柳蔭書翰

徒然なるままに、音楽関連の話題に拘らず、常ならんこの世の事々書き散らし諸兄のお耳汚しに供したく思います。

搾取

2010-04-13 08:14:14 | Weblog
井上ひさしの死亡記事、追悼記事が並びます。ペンクラブの会長であったり、そのリベラルぶりは有名な人で、戯曲作家、小説家としてのこの人は知りません(つまり読んだことがありません、試験問題として吉里吉里人とこの人とは結び付けられますが)。お仲間の天声人語がこれでもかと持ち上げます。同級生が空襲(原爆)で酷い目にあってるときに自分は山形の田舎で夏祭りの準備をしていた、そのことが強烈な負い目になっているとの談話を引いて、反戦作家のルーツを示します。ううむ。リベラルさんたちは大なり小なりそういうエピソードを話されるものですが、そんなもんですかね。
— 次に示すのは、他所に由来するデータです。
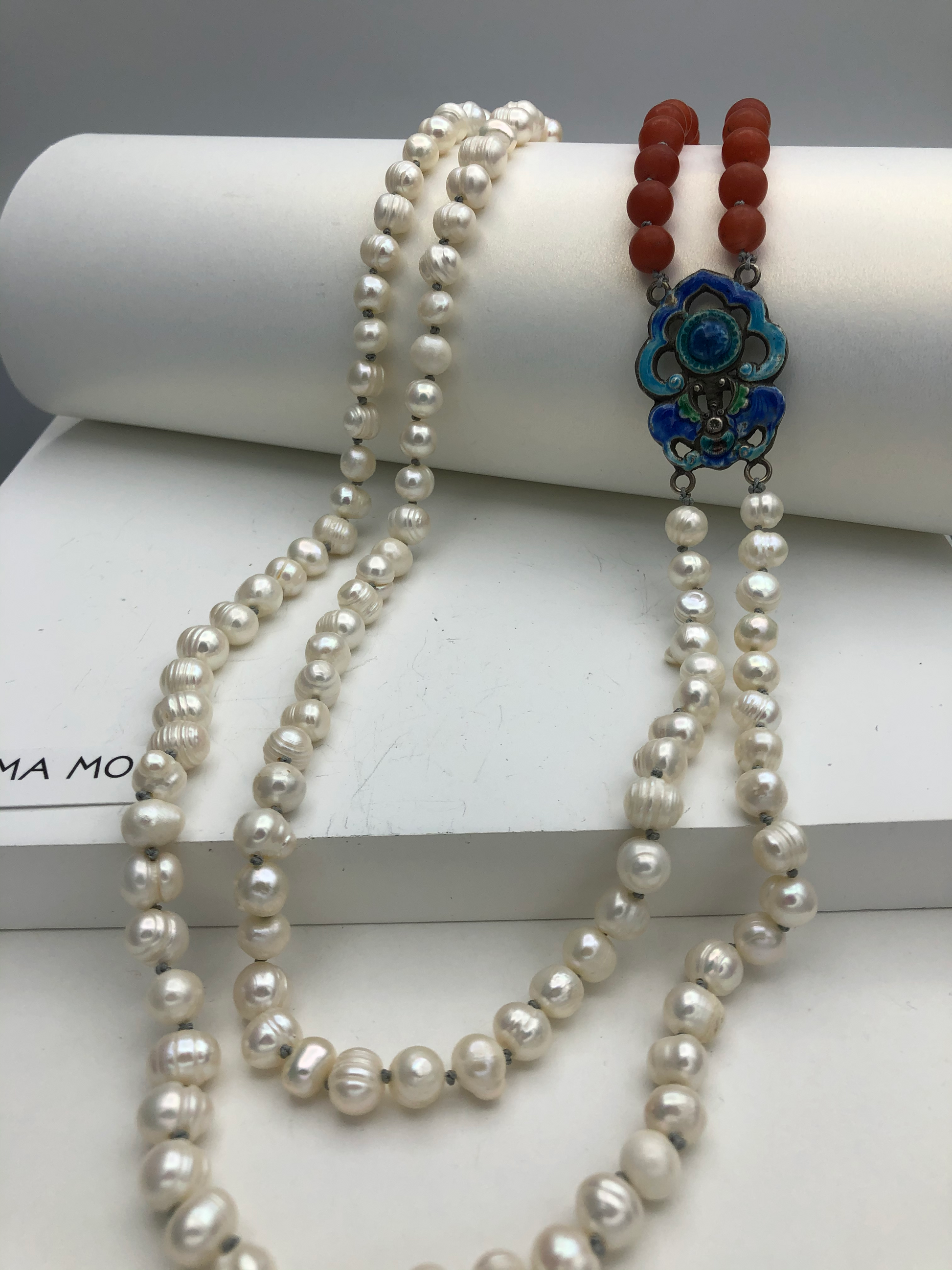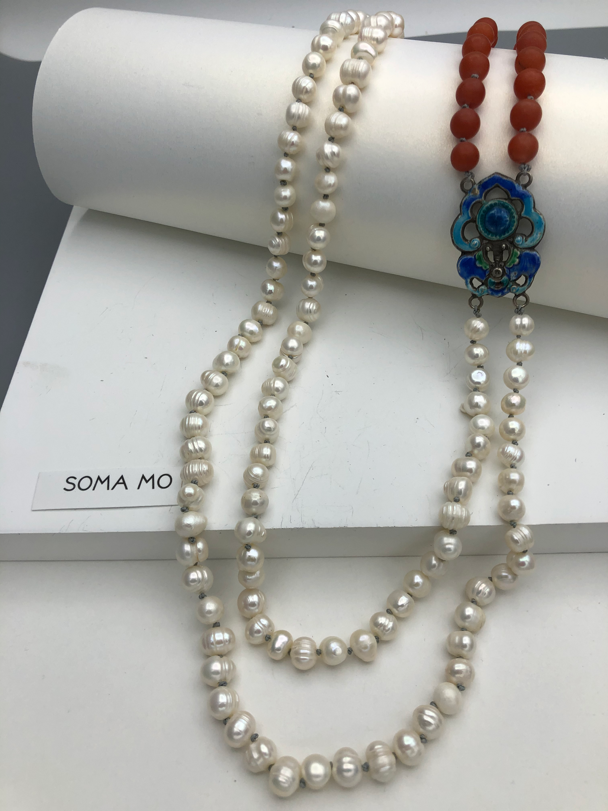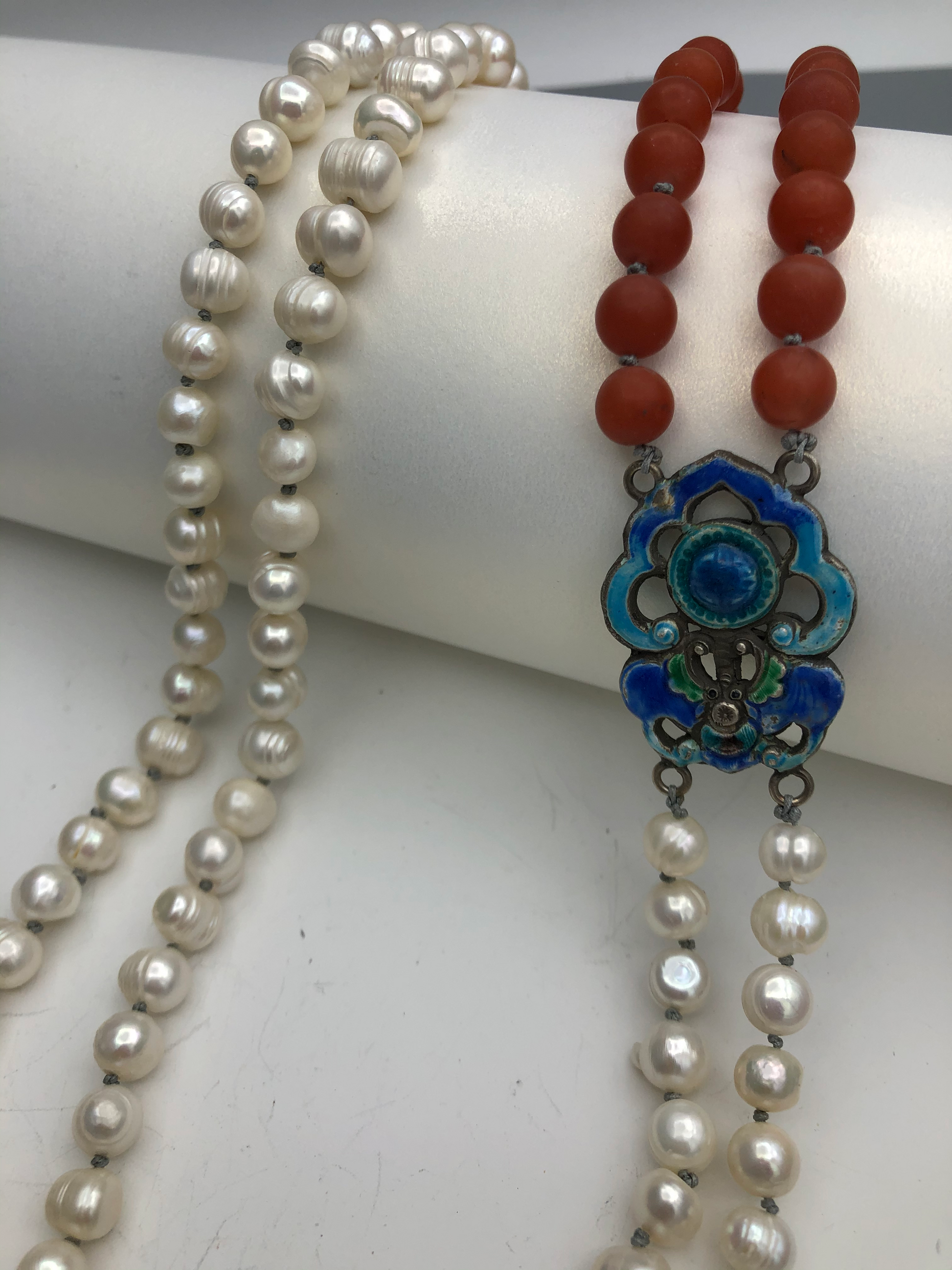 The blue enamel pendent was an vintage piece I got , made of fine silver with enamel, very bright blue color. match with red agate and white pearls, classic piece. Hand knotted between each beads.
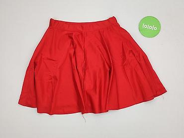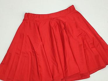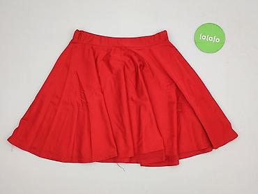 Czerwona spódnica damska, rozmiar S - Krój: lekko rozkloszowana, z zakładkami z przodu i z tyłu - Talia: podwyższona, z dopasowanym paskiem - Zapięcie: suwak z tyłu - Długość: mini/przed kolano - ...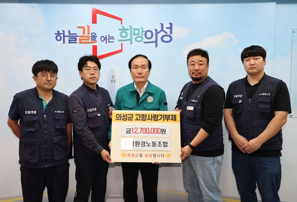 김주수 군수는 “의성군 발전을 지속적으로 기여해주고 있는 전국환경노동조합에 깊이 감사하다. 며 기부해 준 성금은 피해 이재민들의 회복과 지역 복구에 큰 도움이 될 것이다”라고 말했다.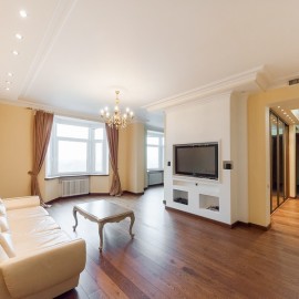 Арт. 48905934. Без комиссии для арендатора. В аренду предлагается 4-хкомнатная квартира общей площадью 200 кв.м. в центральной секции «Триумф-Паласа». Назначение комнат: большая гостиная, соединенная с кухней-столовой, 3 спальни, 2 полноценных санузла, подсобная комната....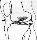 Рис. 26. Типичная травма коленного сустава при перегрузке: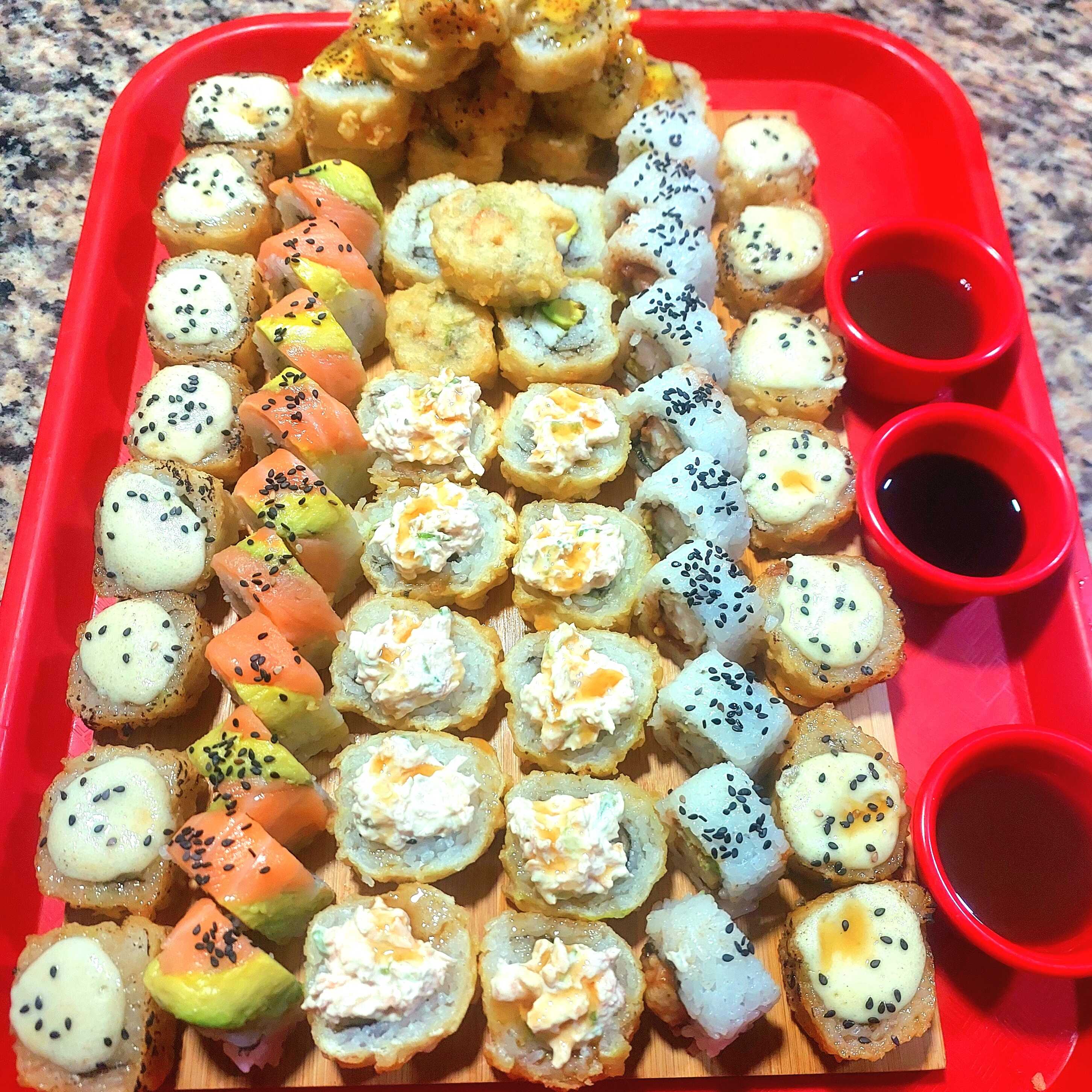 3 rollos de sushi clásico, 2 acompañamientos, 1 bebida natural.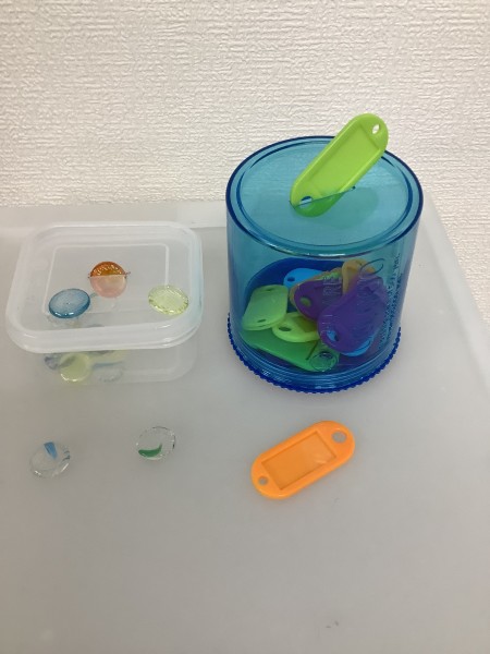 穴にビー玉やコイン、棒等色々な物を入れて落とします。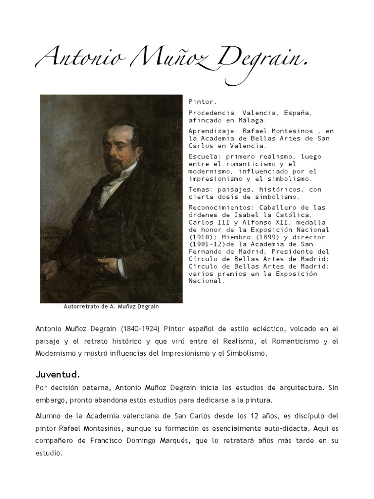 Antonio Muoz Degrain (18401924) Pintor espaol de estilo eclctico, volcado en el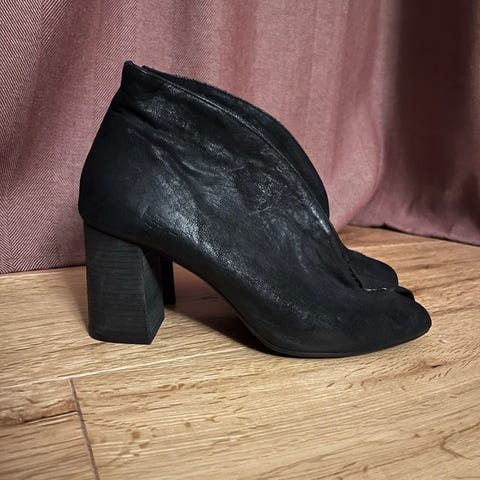 Meget flot og stilren sko i sort skind. Hæl måler 8cm bagpå. Der er 1cm plateau foran. Sælges, da jeg ikke mere kan gå med høje hæle.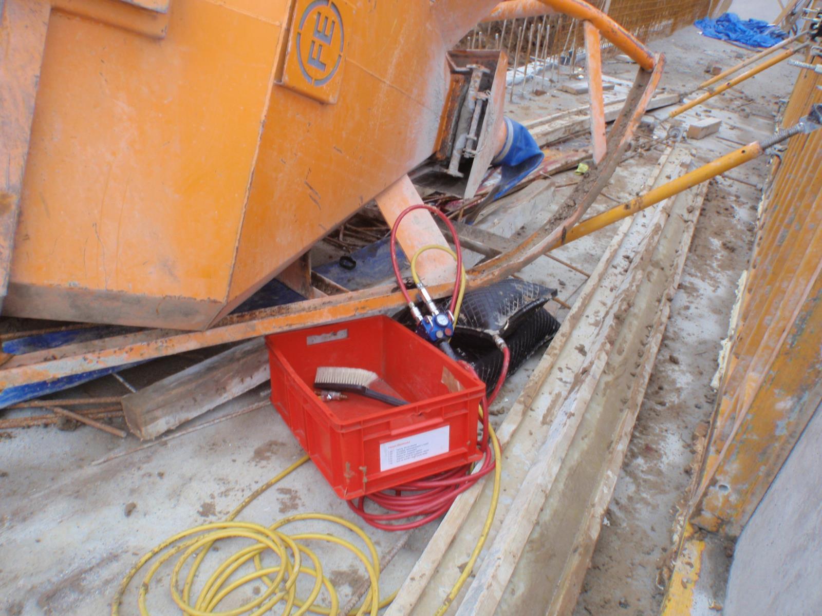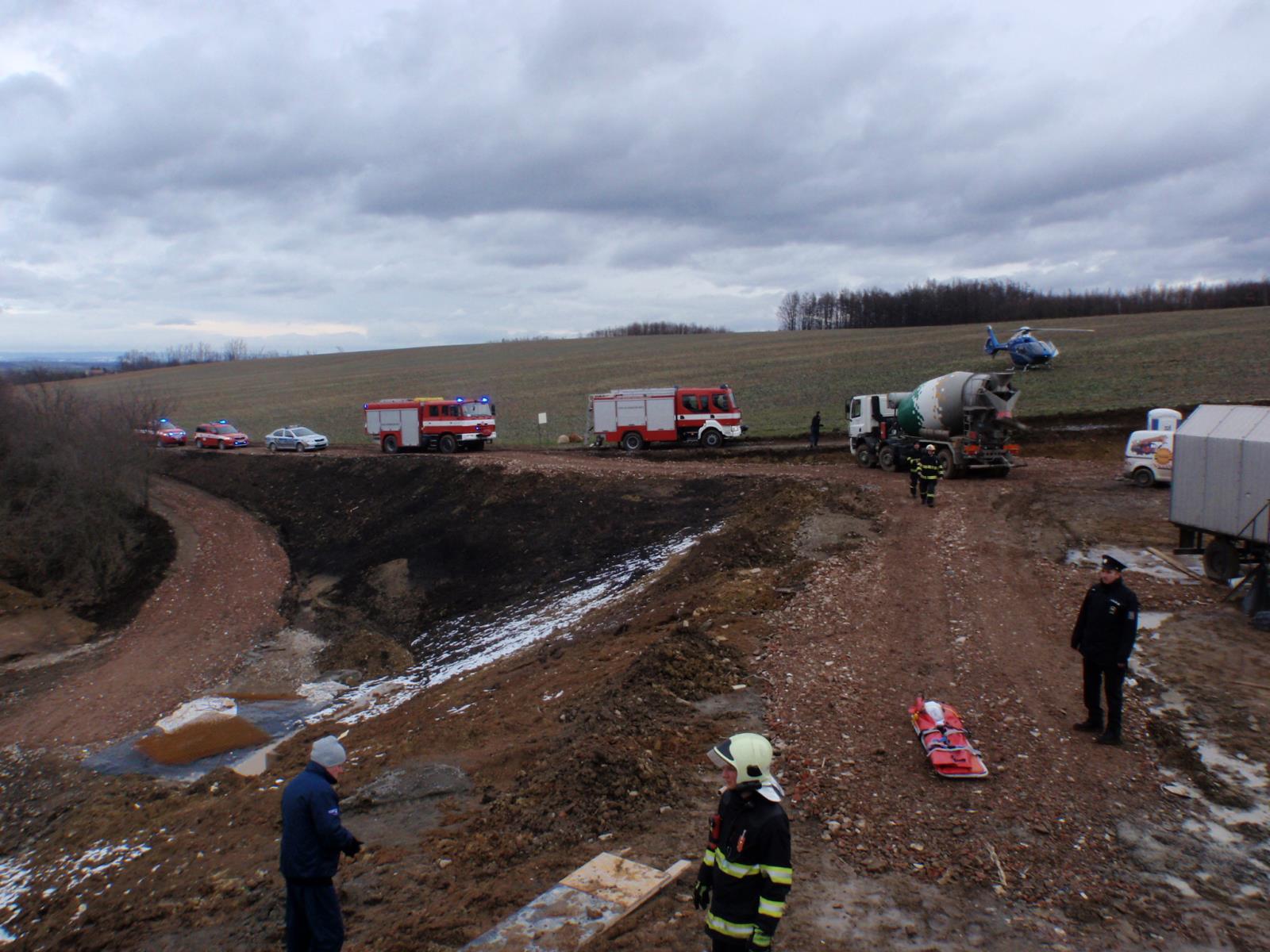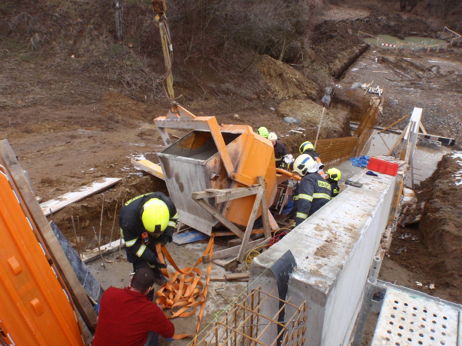 Po příjezdu jednotky na místo události provedli hasiči průzkum místa. Zjistili, že zde na dělníka spadl zásobník na beton, který visel na jeřábu a uvěznil mu spodní část těla pod zásobníkem. Na místě se již nacházeli záchranáři, kteří muže ošetřovali, a byla přivolána letecká záchranná služba.

こんなだから私は反リベラルなんでしょうけれど。
 毎日新聞の一面トップに、バングラディッシュ製衣料世界に、人件費上海の1/4と見出しです。的場昭弘という学者が最近盛んにマルクス本を出していて、それらを面白がって読んでいるのですが、マルキシズムなんて大きく構えるにはまだまだ知識も理解も届きませんがこんな記事を見ると、おお、まさに資本主義とは搾取構造なのだと感じ入ることです。安い所へ安い所へと手が伸びる、つまりそこを搾取するという絵柄です。搾取という言葉(翻訳語)がきついので(原語でどう言うんでしょう、英語では?それすら知りませんから)、資本主義は邪悪なもの、資本家は悪魔のような奴というニュアンスが、ほの香るくらいならいいんですが、一ページ目を読んだ途端に撒き散らされるので、げっぷが出てすぐに食傷してしまう。何よりこの資本論の翻訳本、その昔世の大学生たちが競って読んだという岩波の翻訳本が読み難いんです。言葉が難しいわ、言い回しが直訳調だわで。だからこういう平易版が出てくるのは好都合なのですが、それでもやはりこういうものに噛みついてる人の頭の中というのは一種独特なんでしょう、ご自分では平易なつもりでもやはり業界人の暗黙了解事項への説明が足りないので、私のような素人は立ち止まることしばしです。資本主義の搾取構造は不変なわけですね。安い工賃で製品作って高く売る、その利潤でさらに規模拡大する、利潤をさらに増やそうとする。日本がアメリカ追い抜いたのも、やがて韓国や中国に追い抜かれたのも、それがバングラディッシュにとって代わられるのもその原則に沿っての必然というわけです。なんだかマルキシズムがわかったような、得意な気分でいます。ただの一面だけなんでしょうけれど。そんなこととうにわかっているって?そうおっしゃいますな、諸姉諸兄。